RBNF.jl icon indicating copy to clipboard operation
RBNF.jl copied to clipboard

Empty tokens can be matched infinitely

Open ChenNingCong opened this issue 5 years ago • 3 comments

This might not be an issue. If a token can match empty character(for example,regular expression r"a*", then runlexer will match this token over and over again, push infinite tokens into the array and finally crash the computer. It would be helpful to document this behavior, or provide some test functions to ensure that every token contains no empty input(this is doable for regular language), or provide a optional arguments of runlexer to limit the size of the token buffer. If so, testing the parser will be more easy.

ChenNingCong avatar Feb 14 '20 11:02 ChenNingCong

Thank you for pointing out this, and I totally agree with you.

My bandwidth will be limited for quite a few weeks, so I wonder if you could help and make a patch PR?

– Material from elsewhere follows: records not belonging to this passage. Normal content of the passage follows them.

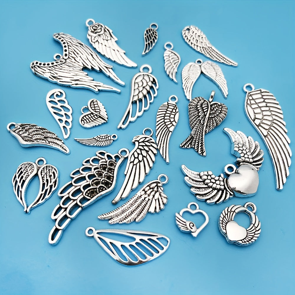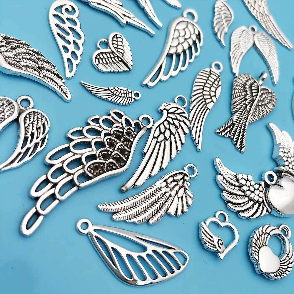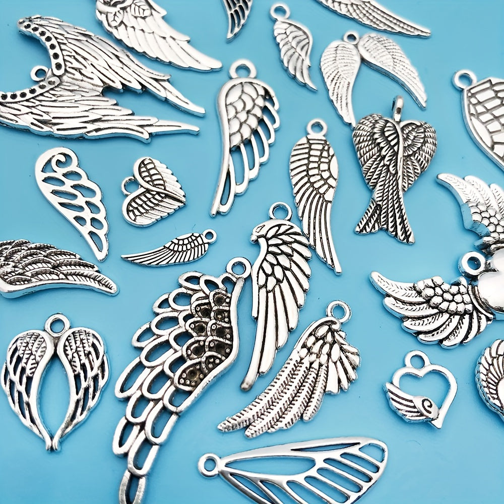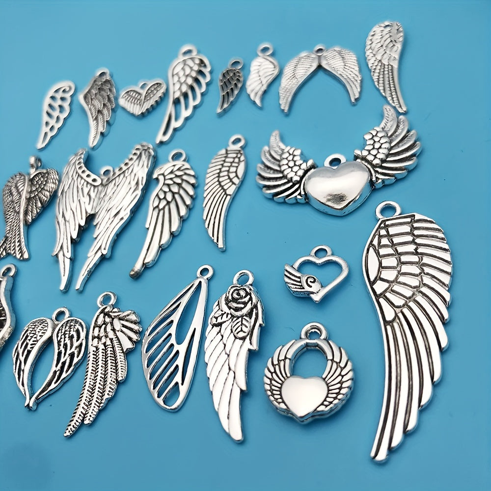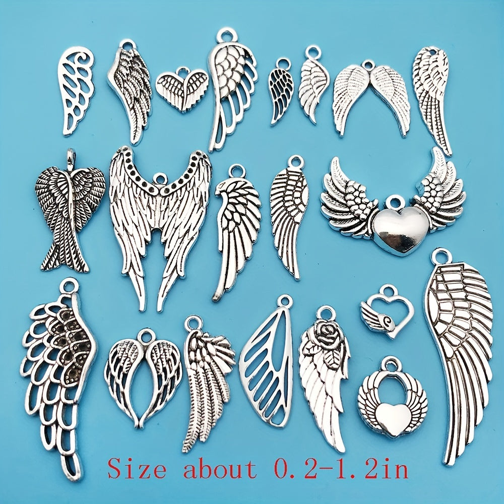 Create stunning jewelry with this set of 20 antique silver feather angel wing charms. Perfect for necklaces, bracelets, and crafting projects.
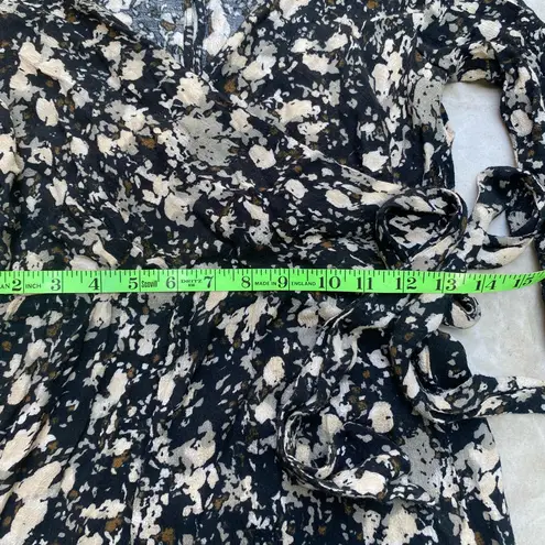 Revolve, all the right ruffles romper, raven combo colored, splotchy pattern, 3/4 sleeve with ruffle... Show more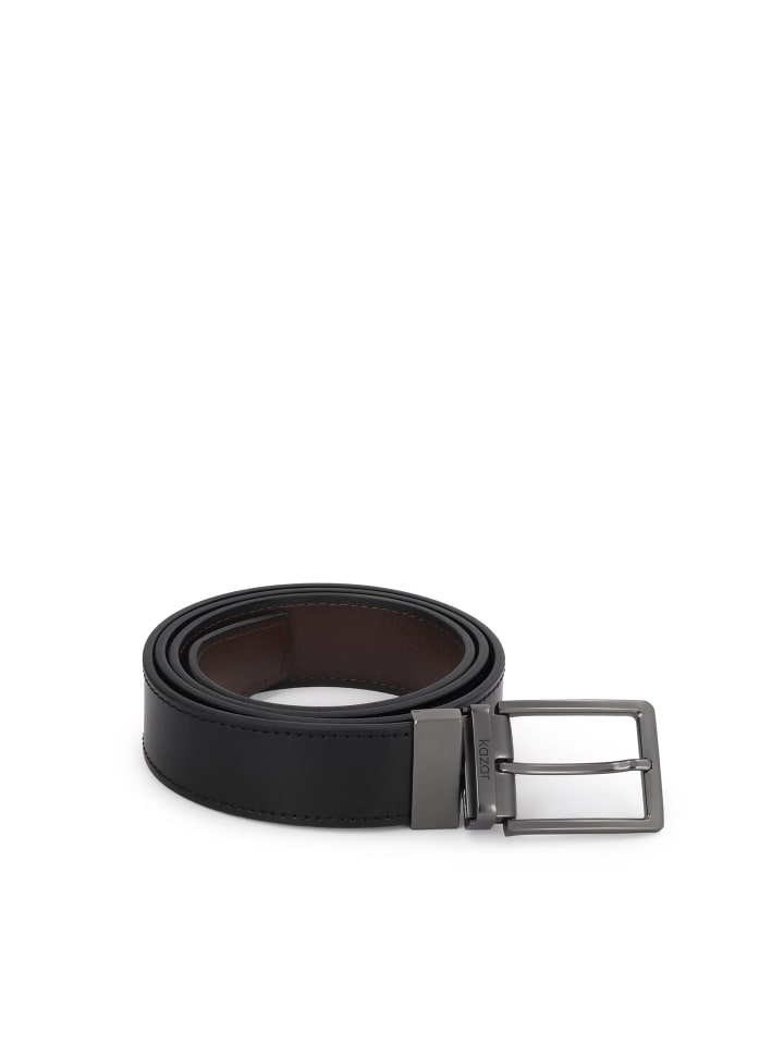 Этот вневременной и очень функциональный широкий двусторонний мужской пояс из натуральной кожи - идеальное решение для мужчин, ценящих элегантность и универсальность. Глубокий черный цвет с одной стороны, классический коричневый с другой - достаточно быстрого поворота пряжки, чтобы подобрать пояс к формальному или повседневному стилю. Прочная прямоугольная пряжка из графитовой стали подчеркивает современный, мужественный характер этого аксессуара. Этот пояс подходит как к костюму, так и к джинсам и может носиться во многих случаях. Идеальный выбор для гардероба современного мужчины. Пояс имеет 5 отверстий, расположенных на расстоянии 2 см друг от друга. Благодаря регулируемой пряжке длину можно настроить по своему вкусу.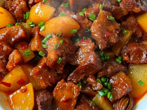 3、接着放入土豆块,继续焖煮十分钟,再放入食盐、胡椒粉、白糖、鸡精,翻炒均匀入味后即可出锅。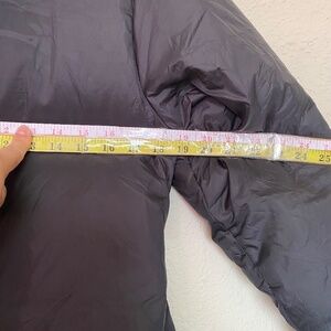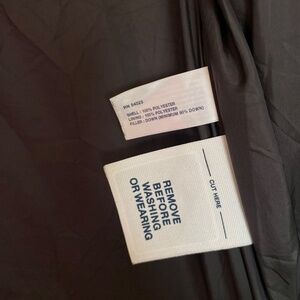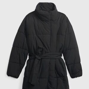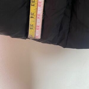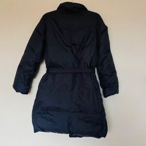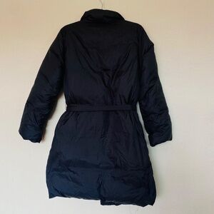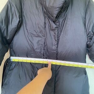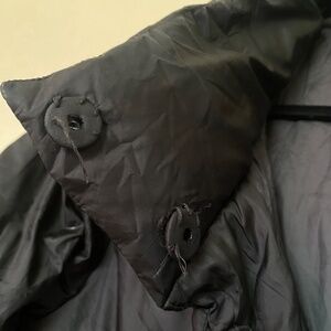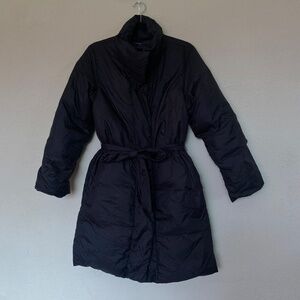 Stylish black puffer jacket. Belted waist. Warm and comfortable. A few of the buttons have been resewn but could be redone if you want to use them. I didn’t use the buttons much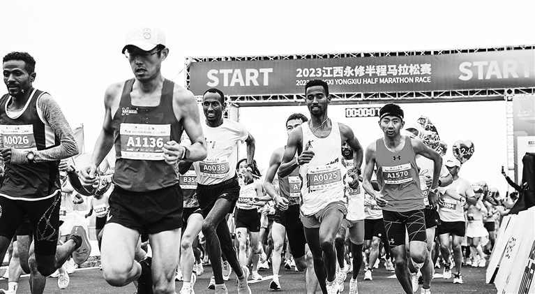 4月22日,“陌上花开·逐梦吴城”2023江西永修半程马拉松赛,在中国候鸟小镇——吴城鸣枪开跑。4500多名中外选手在鄱阳湖腹地驰骋竞速,领略“世界湿地·候鸟王国”的旖旎风光。本次比赛共设置半程马拉松、全民健身跑、党员模范毅行徒步3个项目。本报全媒体记者 梁振堂摄
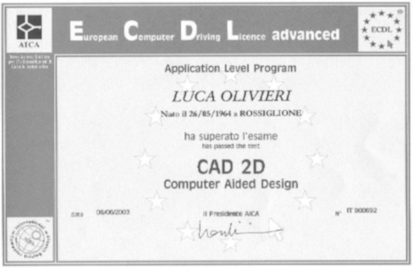 Sono certificato come esaminatore ECDL CAD, Esperto 3D & RENDERING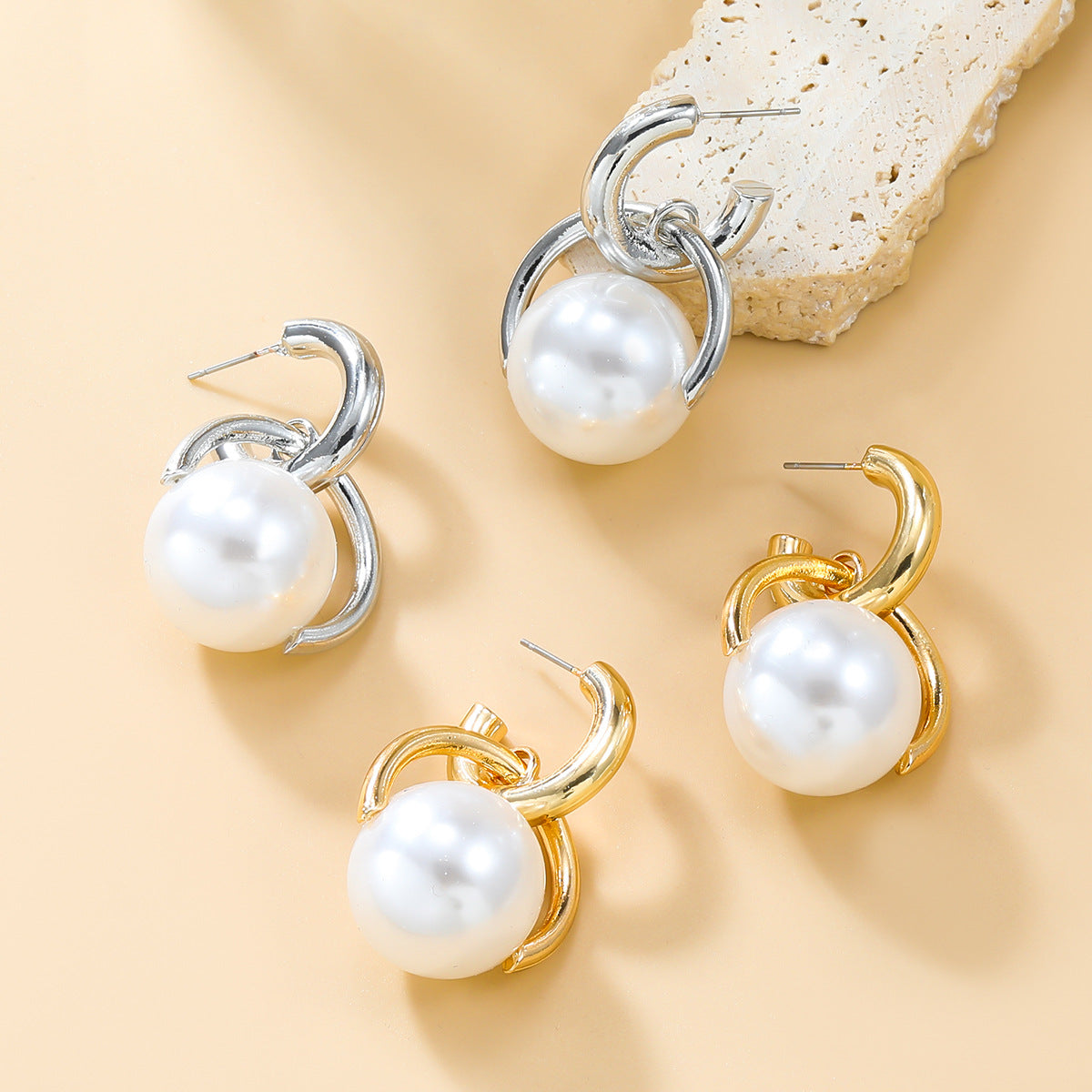 Wholesale Autumn and winter earrings spherical imitation pearl earrings girl heart alloy retro earrings jewelry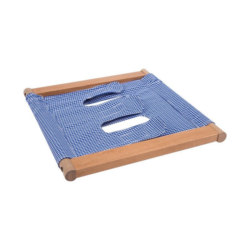 Este marco Montessori cuenta con dos paneles de tela unidos por tiras de velcro.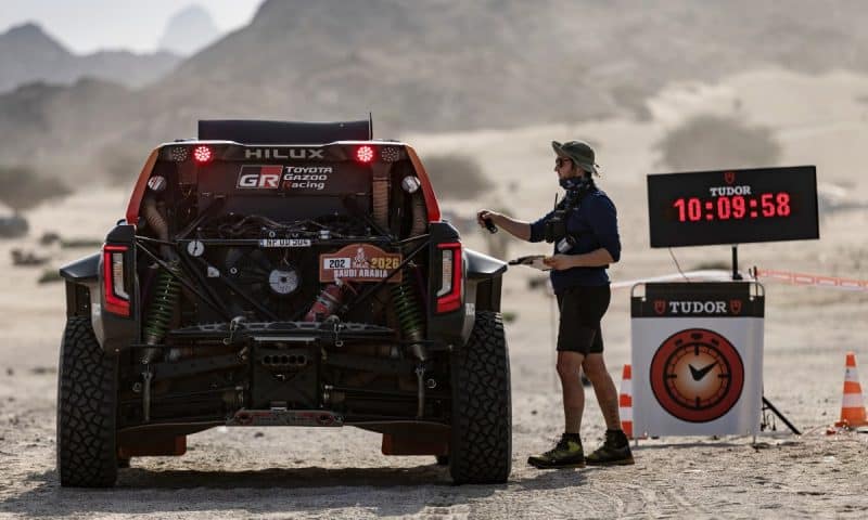 Toyota Gazoo Racing South Africa’s Joao Ferreira was quickest to the day’s first checkpoints, at 38 km and 78 km, with the Dacia Sandrider of Al-Attiyah right behind and followed by the Toyota Gazoo Racing W2RC Hiluxes of Lategan and Seth Quintero, while Michal Goczał’s Energylandia Hilux was ahead of Sébastien Loeb’s Dacia Sandrider.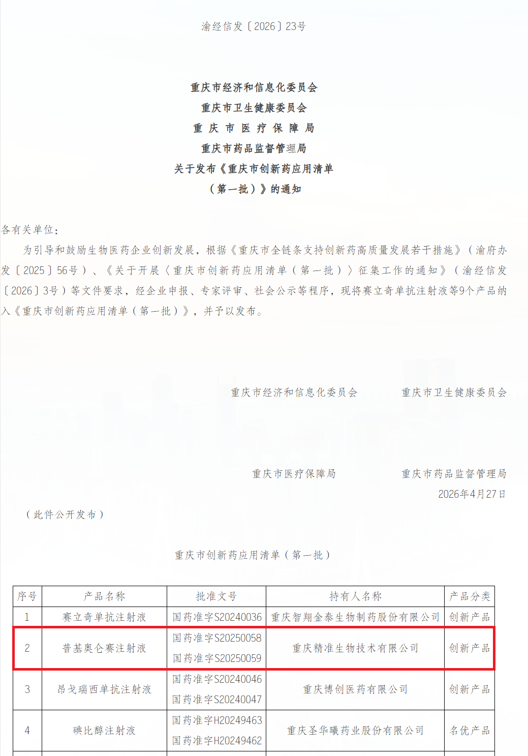 2026年4月,重庆精准生物技术有限公司及产业研究院双双通过市级复审,持续擦亮“专精特新”名片。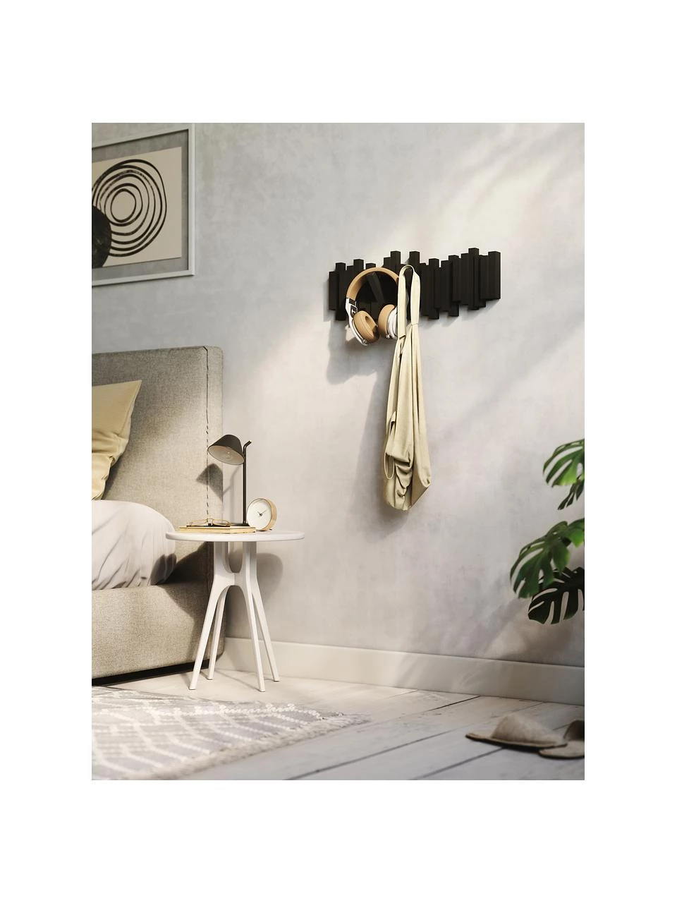 – Kunststoff Wandgarderobe mit 5 herausklappbaren Haken

thautwarm avatar Feb 14 '20 12:02 thautwarm

Sorry for the late reply. I spend some time digging into the code base. Here are some reports: 1.Julia implements regex expression by calling perl's library. So unless we implement a regular language parser manually, we can't analyze whether a regular language contains empty string. Although this is doable, Idon't think it's worth it. 2.So it's better to check the empty string at runtime, though it might slow down the parser. We can overload the LexerSpec{String} and LexerSpec{Char} constructor to let them include an empty check . So check happens only once. For regex, we just change this code:

function mklexer(a :: LexerSpec{Regex})
    let regex = a.a
        quote
            function (chars, i)
                v = match($regex, SubString(chars, i))
                v === nothing ? nothing : v.match
            end
        end
    end
end

to:

function mklexer(a :: LexerSpec{Regex})
    let regex = a.a
        quote
            function (chars, i)
                v = match($regex, SubString(chars, i))
                if v === nothing
                    nothing 
                elseif isempty(v.match)
                    error("$regex matches an empty string, which will cause problems") 
                else
                    v.match
                end
            end
        end
    end
end

Of course, error messages are much harder to read... If you think this approach is OK, I will make a PR.

ChenNingCong avatar Feb 17 '20 10:02 ChenNingCong

Hi, I must say your concerns are very reasonable, and make sense. Just wonder if you can make the runtime checking optional, because this is a rare behaviour and IMO will slow down the lexing a lot.

thautwarm avatar Feb 17 '20 11:02 thautwarm